Энгель смотрела в окно. Это было-бы смешно, если-бы Витмар в конце концов не стал ей единственным близким и дорогим человеком, но делаться кому-то припаркой от Неизбежного, чьи глаза уже настойчиво и однозначно вещали о летальном пике казалось ей глупой игрой, которую затевают наивные мечтатели или деревенские идиоты. Ей казалось, что молодой человек слишком близок к какому-то серьёзному открытию, что круто изменило-бы мір, пока смертные излишне успешно находят справедливость в своих собственных лицах; говорят, они становятся симметричны через несколько часов после того как остынут. Холодный, мертвенный звон зеленел канделябрами и каплями осенней росы; Энгель молча смотрела в окно.
Когда Витмар получил отказ, а Спурве, огорчившись, каким-то своим задним желанием решила во что-бы то ни стало отомстить дерзкой, своенравной девчонке (о чём, конечно, сразу забыла), тот вдруг остановился, выровнялся и перестал пить. Как у любого здравомыслящего ухажёра, у него всегда оставалась в рукаве козырная карта, и он, не видя иного выхода, ею воспользовался. Молодой человек заново посватался к какой-то тайной особе, которая для Энгель всегда имела мистический оттенок и каждый раз, когда невзначайное слово учителя, который теперь перестал быть учителем (девочка попробовала на вкус его кровь – так хозяин становится для собаки заманчивой дичью), задевало это создание, наделённое способностью врачевать неизлечимые раны и чем-то похожее на стрекозу, Витмар преображался. Теперь он решил круто поменять свою жизнь, оделся в новый костюм и лучился вольфрамовым светом, который странно контрастировал с пролёгшими под его глазами пятнами чего-то лунного, рокового. Так агония замирает, давая последний шанс причаститься и исповедать грехи.

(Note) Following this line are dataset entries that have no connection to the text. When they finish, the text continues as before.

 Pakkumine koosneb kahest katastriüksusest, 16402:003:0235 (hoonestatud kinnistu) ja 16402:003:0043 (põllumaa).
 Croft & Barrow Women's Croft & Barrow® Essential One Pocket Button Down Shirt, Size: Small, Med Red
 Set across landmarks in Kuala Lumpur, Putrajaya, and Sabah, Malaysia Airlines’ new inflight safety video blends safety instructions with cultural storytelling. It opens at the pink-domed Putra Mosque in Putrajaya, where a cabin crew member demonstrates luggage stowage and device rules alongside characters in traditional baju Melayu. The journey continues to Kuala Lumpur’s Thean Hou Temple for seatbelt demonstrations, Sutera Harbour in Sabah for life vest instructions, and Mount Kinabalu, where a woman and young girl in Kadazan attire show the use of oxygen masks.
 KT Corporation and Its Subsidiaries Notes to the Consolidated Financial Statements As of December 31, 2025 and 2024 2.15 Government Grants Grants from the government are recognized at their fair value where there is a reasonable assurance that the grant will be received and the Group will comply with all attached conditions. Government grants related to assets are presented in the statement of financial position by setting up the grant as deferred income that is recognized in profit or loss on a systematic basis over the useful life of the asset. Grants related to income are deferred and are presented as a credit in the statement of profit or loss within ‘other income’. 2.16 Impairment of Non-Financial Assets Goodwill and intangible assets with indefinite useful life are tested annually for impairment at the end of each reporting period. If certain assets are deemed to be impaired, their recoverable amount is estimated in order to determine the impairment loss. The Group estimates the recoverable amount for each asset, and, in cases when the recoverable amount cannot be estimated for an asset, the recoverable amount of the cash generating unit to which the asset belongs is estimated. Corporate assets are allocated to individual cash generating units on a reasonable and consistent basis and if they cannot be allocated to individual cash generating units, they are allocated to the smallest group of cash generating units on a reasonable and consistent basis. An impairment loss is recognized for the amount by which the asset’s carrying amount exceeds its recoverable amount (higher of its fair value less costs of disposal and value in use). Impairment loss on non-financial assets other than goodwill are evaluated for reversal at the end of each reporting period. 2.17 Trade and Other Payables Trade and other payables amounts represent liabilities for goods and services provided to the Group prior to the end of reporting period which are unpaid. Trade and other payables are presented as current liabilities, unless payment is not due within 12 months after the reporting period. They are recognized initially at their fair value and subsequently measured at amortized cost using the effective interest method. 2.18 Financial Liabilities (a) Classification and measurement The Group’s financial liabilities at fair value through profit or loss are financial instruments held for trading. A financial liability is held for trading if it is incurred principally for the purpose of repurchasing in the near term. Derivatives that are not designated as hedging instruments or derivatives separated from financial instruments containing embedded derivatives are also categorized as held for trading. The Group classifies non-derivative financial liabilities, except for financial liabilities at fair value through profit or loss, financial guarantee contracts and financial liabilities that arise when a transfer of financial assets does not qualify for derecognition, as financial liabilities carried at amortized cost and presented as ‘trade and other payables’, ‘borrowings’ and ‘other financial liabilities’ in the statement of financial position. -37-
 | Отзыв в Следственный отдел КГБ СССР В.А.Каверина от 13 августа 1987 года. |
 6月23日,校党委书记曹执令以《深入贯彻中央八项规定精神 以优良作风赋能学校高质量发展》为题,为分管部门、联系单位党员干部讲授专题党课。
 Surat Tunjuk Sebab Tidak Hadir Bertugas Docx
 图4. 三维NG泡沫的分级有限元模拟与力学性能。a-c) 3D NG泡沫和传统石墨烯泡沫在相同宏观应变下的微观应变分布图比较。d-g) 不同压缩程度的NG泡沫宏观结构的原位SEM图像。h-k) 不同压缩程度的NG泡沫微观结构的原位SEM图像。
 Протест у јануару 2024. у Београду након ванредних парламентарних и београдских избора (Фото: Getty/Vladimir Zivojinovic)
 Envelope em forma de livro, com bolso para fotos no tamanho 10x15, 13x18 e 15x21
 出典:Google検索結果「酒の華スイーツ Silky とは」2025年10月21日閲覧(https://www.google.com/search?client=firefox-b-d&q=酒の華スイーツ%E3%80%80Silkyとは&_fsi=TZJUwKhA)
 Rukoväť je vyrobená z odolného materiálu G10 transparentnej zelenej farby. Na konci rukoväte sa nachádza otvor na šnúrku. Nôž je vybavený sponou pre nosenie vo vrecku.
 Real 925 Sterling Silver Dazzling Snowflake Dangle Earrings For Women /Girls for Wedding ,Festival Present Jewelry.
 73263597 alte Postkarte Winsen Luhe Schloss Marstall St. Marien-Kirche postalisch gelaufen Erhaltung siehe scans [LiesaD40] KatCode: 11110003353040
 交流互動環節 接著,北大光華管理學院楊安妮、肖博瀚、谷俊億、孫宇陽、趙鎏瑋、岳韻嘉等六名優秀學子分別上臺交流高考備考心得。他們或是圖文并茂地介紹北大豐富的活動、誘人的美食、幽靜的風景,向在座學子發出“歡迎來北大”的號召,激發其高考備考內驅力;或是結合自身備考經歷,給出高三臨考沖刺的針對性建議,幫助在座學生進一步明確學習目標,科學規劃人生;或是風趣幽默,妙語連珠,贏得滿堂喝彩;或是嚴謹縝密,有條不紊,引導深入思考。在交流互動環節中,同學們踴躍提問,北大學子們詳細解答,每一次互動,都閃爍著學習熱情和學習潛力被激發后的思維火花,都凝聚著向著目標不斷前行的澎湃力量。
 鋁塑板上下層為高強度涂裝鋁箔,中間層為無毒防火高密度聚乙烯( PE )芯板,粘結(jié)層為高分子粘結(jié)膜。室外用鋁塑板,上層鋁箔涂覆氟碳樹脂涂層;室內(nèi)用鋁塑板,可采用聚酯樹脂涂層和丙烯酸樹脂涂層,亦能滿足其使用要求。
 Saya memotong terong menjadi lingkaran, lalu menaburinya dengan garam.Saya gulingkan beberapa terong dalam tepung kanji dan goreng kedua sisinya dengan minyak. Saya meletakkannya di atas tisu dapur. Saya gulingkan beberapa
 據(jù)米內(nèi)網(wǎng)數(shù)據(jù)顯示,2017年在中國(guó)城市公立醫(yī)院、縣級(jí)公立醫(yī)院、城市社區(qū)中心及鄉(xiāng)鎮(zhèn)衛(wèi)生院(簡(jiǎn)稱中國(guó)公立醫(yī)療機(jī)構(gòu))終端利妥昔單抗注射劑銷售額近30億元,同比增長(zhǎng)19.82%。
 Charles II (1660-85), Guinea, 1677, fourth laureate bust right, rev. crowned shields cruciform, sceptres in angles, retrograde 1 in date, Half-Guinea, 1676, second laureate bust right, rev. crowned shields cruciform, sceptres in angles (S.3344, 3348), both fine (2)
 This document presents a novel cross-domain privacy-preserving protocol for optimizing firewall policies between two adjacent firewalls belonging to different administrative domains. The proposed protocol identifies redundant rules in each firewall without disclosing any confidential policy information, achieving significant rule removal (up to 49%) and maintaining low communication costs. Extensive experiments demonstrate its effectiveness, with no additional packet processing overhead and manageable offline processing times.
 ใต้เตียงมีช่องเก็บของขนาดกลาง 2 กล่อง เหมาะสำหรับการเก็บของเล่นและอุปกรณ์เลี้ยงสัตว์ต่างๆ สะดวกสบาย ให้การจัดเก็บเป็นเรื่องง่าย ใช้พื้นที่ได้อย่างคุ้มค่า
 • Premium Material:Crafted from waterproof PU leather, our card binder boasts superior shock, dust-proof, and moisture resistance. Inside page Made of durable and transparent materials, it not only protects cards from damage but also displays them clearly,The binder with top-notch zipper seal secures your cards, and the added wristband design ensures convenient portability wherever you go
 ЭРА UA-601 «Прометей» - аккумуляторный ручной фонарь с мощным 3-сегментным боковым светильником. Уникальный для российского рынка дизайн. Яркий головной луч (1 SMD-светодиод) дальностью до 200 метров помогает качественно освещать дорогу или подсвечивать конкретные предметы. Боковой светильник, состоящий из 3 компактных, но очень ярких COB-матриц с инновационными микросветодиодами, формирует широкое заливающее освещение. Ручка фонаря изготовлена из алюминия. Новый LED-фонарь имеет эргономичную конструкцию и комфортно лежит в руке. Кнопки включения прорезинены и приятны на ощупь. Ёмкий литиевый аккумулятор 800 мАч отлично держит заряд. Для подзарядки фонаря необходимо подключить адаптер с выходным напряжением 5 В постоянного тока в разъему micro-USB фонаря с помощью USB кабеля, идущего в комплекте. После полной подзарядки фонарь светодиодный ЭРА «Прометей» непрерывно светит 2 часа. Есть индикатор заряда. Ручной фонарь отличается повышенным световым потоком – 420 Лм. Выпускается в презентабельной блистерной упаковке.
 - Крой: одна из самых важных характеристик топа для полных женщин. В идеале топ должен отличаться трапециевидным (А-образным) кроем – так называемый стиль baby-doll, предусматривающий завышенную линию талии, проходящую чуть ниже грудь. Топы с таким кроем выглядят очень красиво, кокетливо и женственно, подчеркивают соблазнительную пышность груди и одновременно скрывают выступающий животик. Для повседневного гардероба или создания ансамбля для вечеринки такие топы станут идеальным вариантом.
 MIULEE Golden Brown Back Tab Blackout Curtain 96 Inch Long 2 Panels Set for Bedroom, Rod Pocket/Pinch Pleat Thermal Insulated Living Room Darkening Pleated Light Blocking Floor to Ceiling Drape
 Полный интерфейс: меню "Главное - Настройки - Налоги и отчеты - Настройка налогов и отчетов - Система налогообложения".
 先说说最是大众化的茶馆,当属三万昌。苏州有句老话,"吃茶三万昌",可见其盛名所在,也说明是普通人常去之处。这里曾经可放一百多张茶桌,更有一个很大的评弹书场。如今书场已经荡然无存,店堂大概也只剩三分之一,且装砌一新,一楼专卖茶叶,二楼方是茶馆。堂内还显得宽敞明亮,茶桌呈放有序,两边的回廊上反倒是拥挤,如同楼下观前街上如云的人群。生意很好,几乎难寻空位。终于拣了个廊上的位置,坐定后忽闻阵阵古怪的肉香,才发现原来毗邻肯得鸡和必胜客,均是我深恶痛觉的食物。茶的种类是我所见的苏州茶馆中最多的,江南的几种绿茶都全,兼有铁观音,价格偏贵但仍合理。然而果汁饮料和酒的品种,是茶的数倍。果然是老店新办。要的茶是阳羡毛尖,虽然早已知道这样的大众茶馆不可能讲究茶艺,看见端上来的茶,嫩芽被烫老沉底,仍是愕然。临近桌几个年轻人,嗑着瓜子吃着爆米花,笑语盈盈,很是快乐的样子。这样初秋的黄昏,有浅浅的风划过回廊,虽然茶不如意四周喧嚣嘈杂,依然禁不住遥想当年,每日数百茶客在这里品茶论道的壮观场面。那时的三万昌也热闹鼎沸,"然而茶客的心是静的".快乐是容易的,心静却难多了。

Всё прошло донельзя гладко, и молодая супружеская чета поселилась этажом выше. Девушка оказалась вполне-таки обыкновенной барышней двадцати с лишним лет от роду (порочная и просто глупая ситуация, когда женщина теряет всякую прелесть и чистоту после шестнадцати и принимается за то чтобы привлекать к себе внимание, вместо того чтобы просто быть лицезримой), без каких-либо опознавательных черт и с мечтательным и меланхоличным, как и у самого Витмара, лицом. После разрыва первой помолвки, о которой он как-то оговорился во время вечернего чая, она значительно подурнела, и даже если опустить то что лучшие годы её давно минули, то вне затейливых представлений её супруга она ровным счётом ничего из себя не представляла. Но сам Витмар был на небе от счастья, когда обрёл снова такой поразительный по восприимчивости и беззащитный перед его эстетическими диверсиями объект. Так продолжалось какое-то время, пока он усиленно тренировался в поэзии и наряжал бедную девушку в самые причудливые одежды: получалось, надо заметить, нелохо, но сам тот запал, исступление, с которым он это делал, говорили об отчаянии которое его охватило. Бедный Витмар. Говоря по правде он мог провести в своём декадантском пике ещё не один десяток лет, питаясь одними только бестелыми духами своей фантазии. Он мог сколько угодно упражняться в любовной лирике и в каждой новой своей жертве отыскивать способность врачевать и едва проклёвывающиеся крылья неуловимой волшебницы – но он оступился. Столкнувшись с конечной целью своих воспалённых фантазмов, он почти выскочил из кожи в том чтобы разглядеть хоть что-то из того, чем он смог наделить невзрачную меланхолическую девушку такого переспелого возраста... Когда Витмар исчерпал все возможности, он хорошенько поел, гладко побрился и повесился в своём рабочем кабинете. Он не оставил после себя ни записки, ни хотя-бы намёка на причину – её знали все, кому это было нужно: та, кто так и не смогла излечить простуду безнадёжного Витмара, он сам и Энгель, которая жила этажом ниже.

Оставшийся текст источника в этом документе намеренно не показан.